380 – Edict of Thessalonica: Emperor Theodosius I, with co-emperors Gratian and Valentinian II,  declare their wish that all Roman citizens convert to trinitarian Christianity, issuing the Edict of Thessalonica, which established Christianity as the official religion of the empire and condemned several breakaway sects which had emerged since the end of anti-Christian persecution in 313.

425 – The University of Constantinople is founded by Emperor Theodosius II at the urging of his wife Aelia Eudocia.

907 – Abaoji, a Khitan chieftain, is enthroned as Emperor Taizu, establishing the Liao dynasty in northern China.

1560 – The Treaty of Berwick, which would expel the French from Scotland, is signed by England and the Lords of the Congregation of Scotland.

1594 – Henry IV is crowned King of France.

1617 – Sweden and Russia sign the Treaty of Stolbovo, ending the Ingrian War and shutting Russia out of the Baltic Sea.
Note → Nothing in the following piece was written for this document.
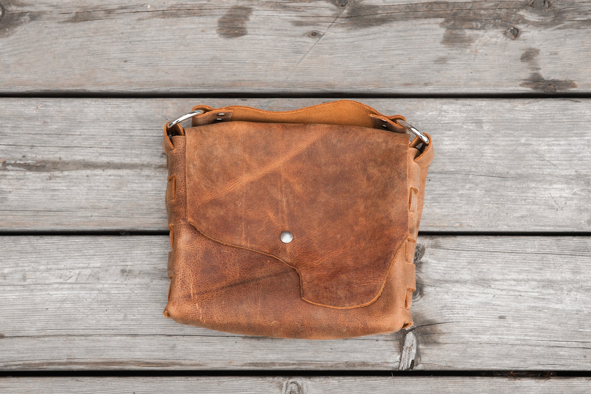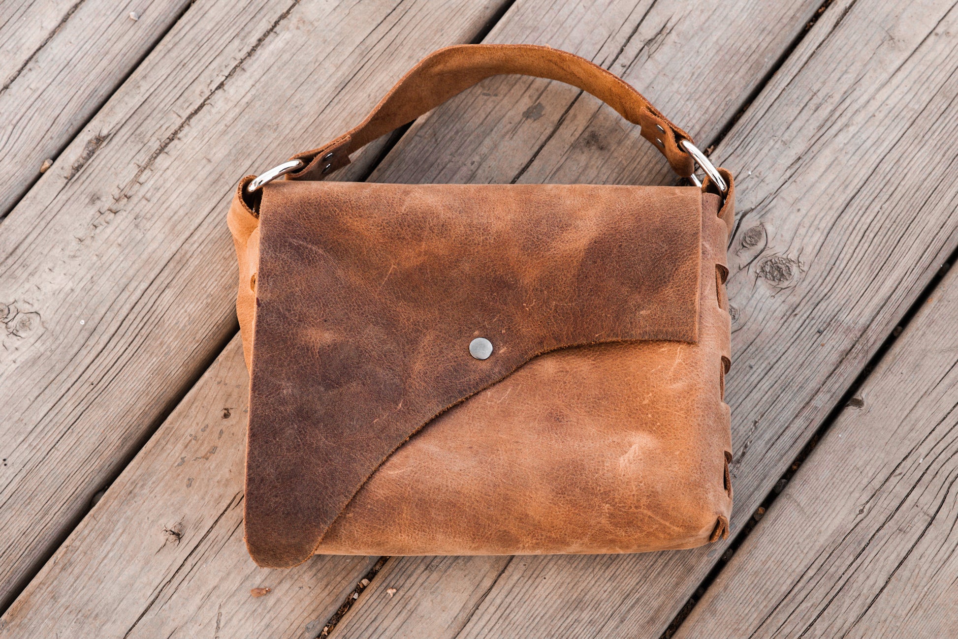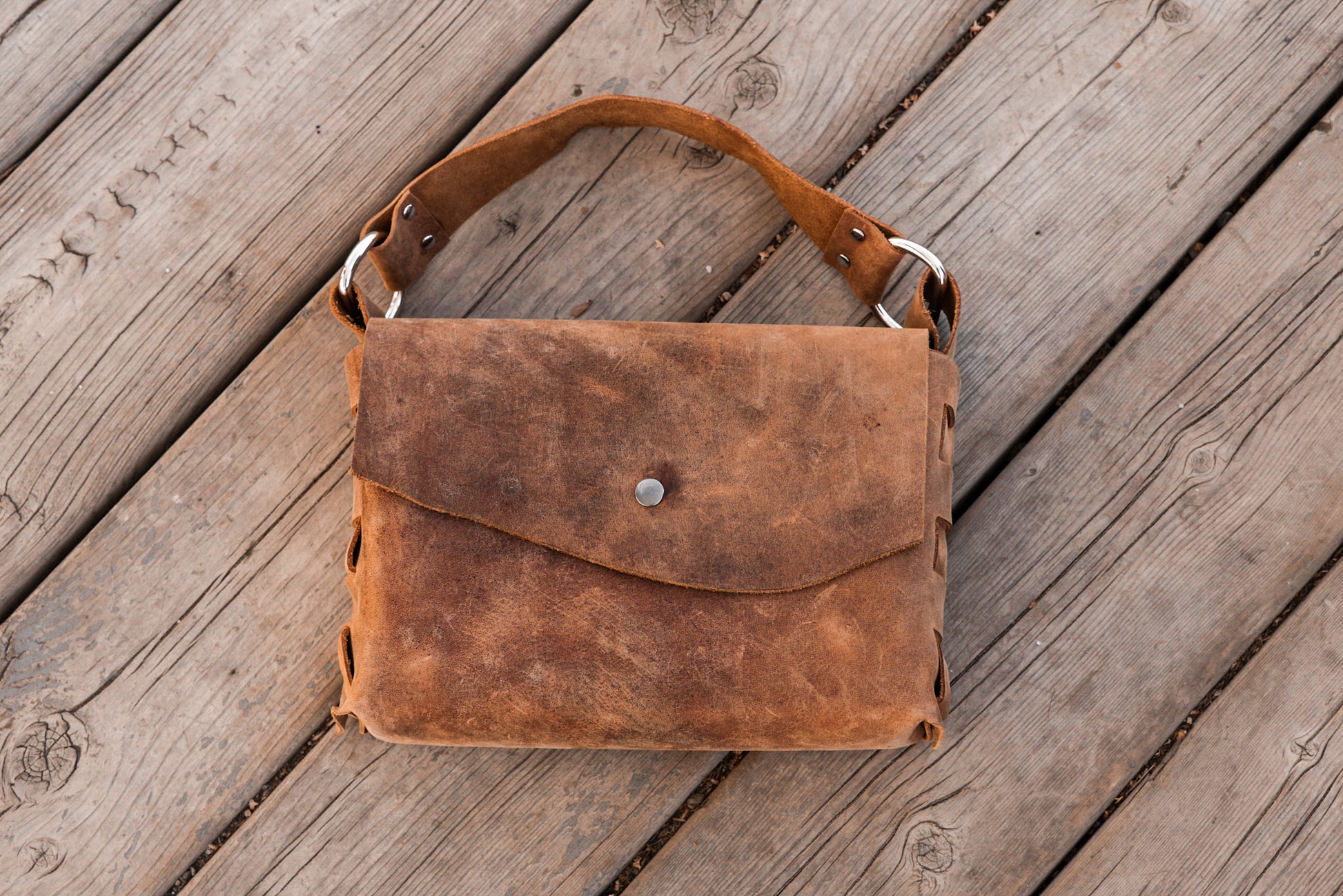 Our most popular bible bag, the Denver is made with brown rustic looking genuine leather and has a woven style side with a raw edge flap and snap closure.

1626 – Yuan Chonghuan is appointed Governor of Liaodong, after he led the Chinese into a great victory against the Manchurians under Nurhaci.
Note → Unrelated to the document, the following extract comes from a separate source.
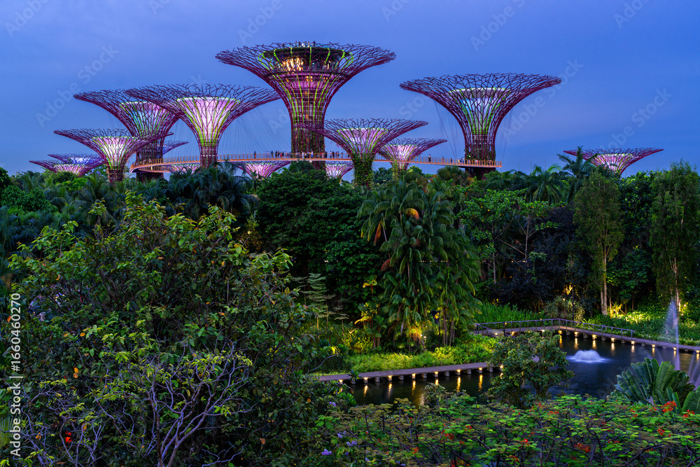 Illuminated super trees at the Gardens of the Bay known as also Marina Bay Gardens in Singapore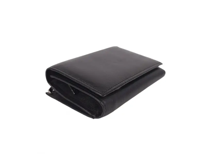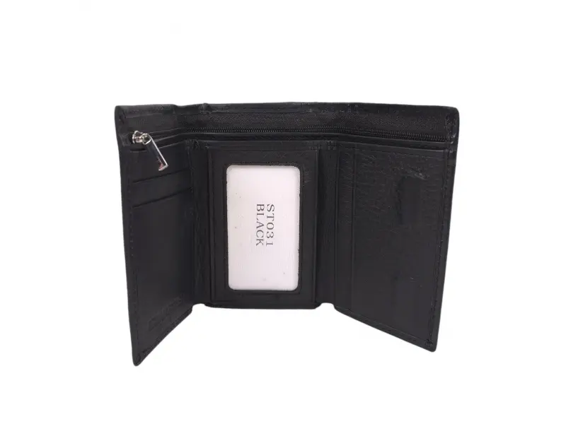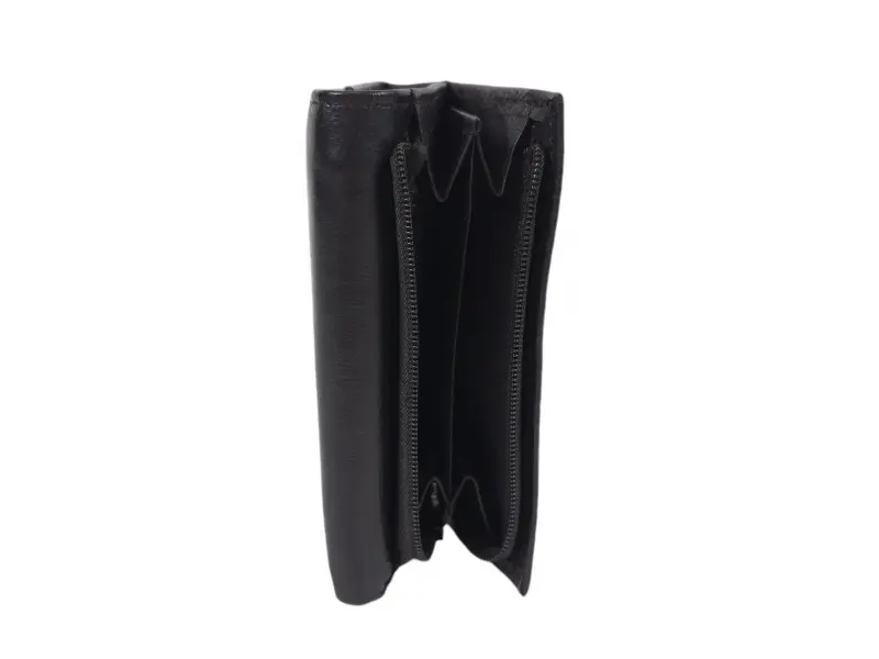 Удобно дамско портмоне от качествена естествена кожа. Черно портмоне с отделения за банкноти, много слотове за карти и лични домументи и монетник с цип. Модерно дамско портмоне с магнитно закопчаване.

1700 – The island of New Britain is discovered.

1776 – American Revolutionary War: Commander Richard Caswell leads 1,000 Patriot troops in the successful Battle of Moores Creek over 1,600 British Loyalists. It would go down in history as the first American victory in the first organized campaign of the Revolutionary War.
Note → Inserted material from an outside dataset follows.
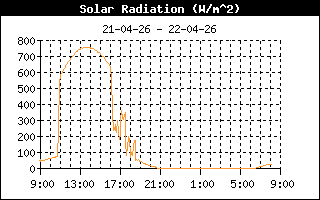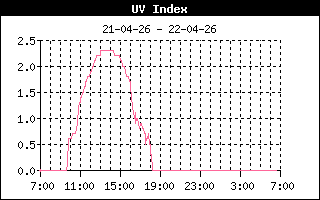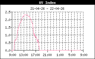 | Maximale zonnestraling | 589 W/m2 om 11:07 uur | Max UV index | 1.4 om 11:02 uur |

1782 – American Revolutionary War: The House of Commons of Great Britain votes against further war in America.

1801 – Pursuant to the District of Columbia Organic Act of 1801, Washington, D.C. is placed under the jurisdiction of the U.S. Congress.

1809 – Action of 27 February 1809: Captain Bernard Dubourdieu captures HMS Proserpine.

1812 – Argentine War of Independence: Manuel Belgrano raises the Flag of Argentina in the city of Rosario for the first time.

1812 – Poet Lord Byron gives his first address as a member of the House of Lords, in defense of Luddite violence against Industrialism in his home county of Nottinghamshire.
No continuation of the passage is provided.